→ **Data**
Start of Block

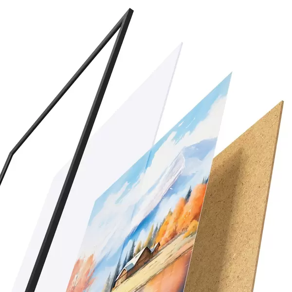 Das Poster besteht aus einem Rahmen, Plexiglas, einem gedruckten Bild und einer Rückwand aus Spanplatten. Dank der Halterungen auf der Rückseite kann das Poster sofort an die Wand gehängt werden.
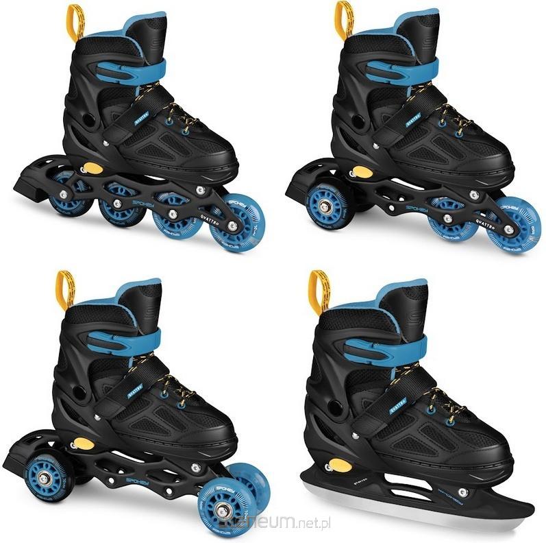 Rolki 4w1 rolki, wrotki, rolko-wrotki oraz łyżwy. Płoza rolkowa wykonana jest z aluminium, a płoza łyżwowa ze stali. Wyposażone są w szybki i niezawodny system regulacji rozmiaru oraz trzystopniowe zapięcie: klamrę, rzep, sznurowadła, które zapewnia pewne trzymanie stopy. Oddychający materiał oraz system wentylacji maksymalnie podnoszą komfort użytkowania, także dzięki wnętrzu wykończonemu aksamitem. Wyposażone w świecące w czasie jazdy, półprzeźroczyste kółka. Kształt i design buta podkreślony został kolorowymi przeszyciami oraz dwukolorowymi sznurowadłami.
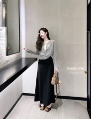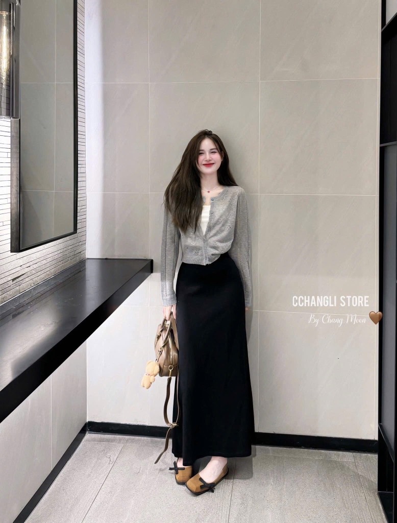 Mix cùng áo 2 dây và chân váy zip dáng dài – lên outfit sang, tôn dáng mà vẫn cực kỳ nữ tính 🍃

End of Block

→ **Directions**
Make an exact copy of the listing above. Its pictures are not needed.

→ **Written answer**
 Das Poster besteht aus einem Rahmen, Plexiglas, einem gedruckten Bild und einer Rückwand aus Spanplatten. Dank der Halterungen auf der Rückseite kann das Poster sofort an die Wand gehängt werden.
 Rolki 4w1 rolki, wrotki, rolko-wrotki oraz łyżwy. Płoza rolkowa wykonana jest z aluminium, a płoza łyżwowa ze stali. Wyposażone są w szybki i niezawodny system regulacji rozmiaru oraz trzystopniowe zapięcie: klamrę, rzep, sznurowadła, które zapewnia pewne trzymanie stopy. Oddychający materiał oraz system wentylacji maksymalnie podnoszą komfort użytkowania, także dzięki wnętrzu wykończonemu aksamitem. Wyposażone w świecące w czasie jazdy, półprzeźroczyste kółka. Kształt i design buta podkreślony został kolorowymi przeszyciami oraz dwukolorowymi sznurowadłami.
 Mix cùng áo 2 dây và chân váy zip dáng dài – lên outfit sang, tôn dáng mà vẫn cực kỳ nữ tính 🍃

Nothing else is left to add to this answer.